### Supplied material
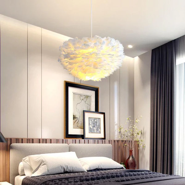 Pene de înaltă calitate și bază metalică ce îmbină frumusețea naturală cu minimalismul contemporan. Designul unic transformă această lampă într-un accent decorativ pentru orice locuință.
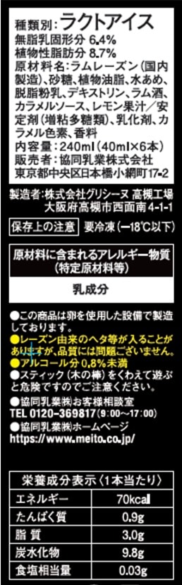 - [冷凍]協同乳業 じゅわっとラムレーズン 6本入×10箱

...

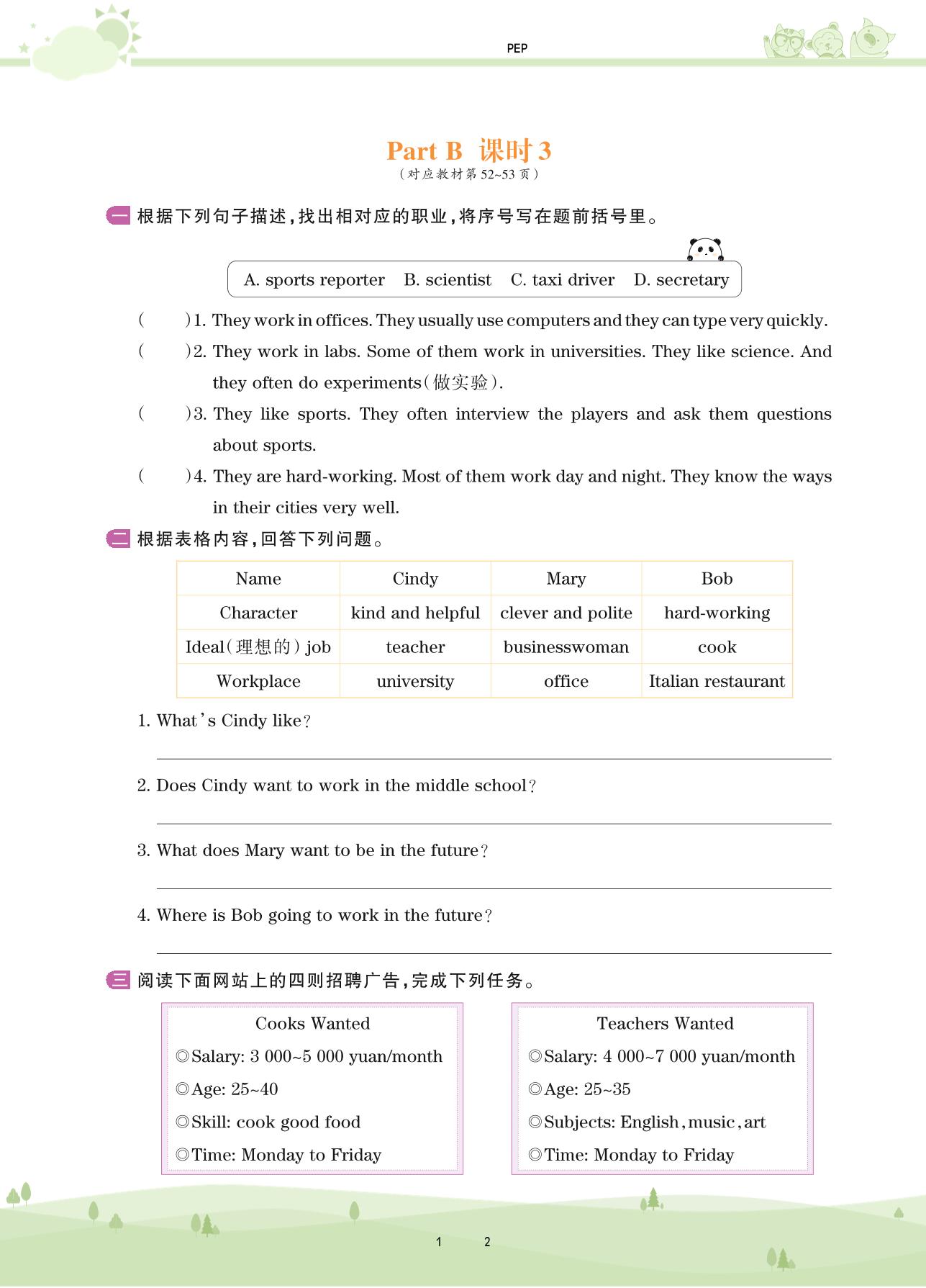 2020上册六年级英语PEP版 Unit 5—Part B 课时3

==

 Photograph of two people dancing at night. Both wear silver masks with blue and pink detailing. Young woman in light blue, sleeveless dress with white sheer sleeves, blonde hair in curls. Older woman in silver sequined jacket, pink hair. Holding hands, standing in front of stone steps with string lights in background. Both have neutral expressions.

### Aim of the task
Reproduce the listing above only between the lines holding "Pene de înaltă" and "- [冷凍]協同乳業 じゅわっとラムレーズン 6本入×10箱", inclusive. Every line must match exactly, and pictures are dropped.

### Exercise solution
 Pene de înaltă calitate și bază metalică ce îmbină frumusețea naturală cu minimalismul contemporan. Designul unic transformă această lampă într-un accent decorativ pentru orice locuință.
 - [冷凍]協同乳業 じゅわっとラムレーズン 6本入×10箱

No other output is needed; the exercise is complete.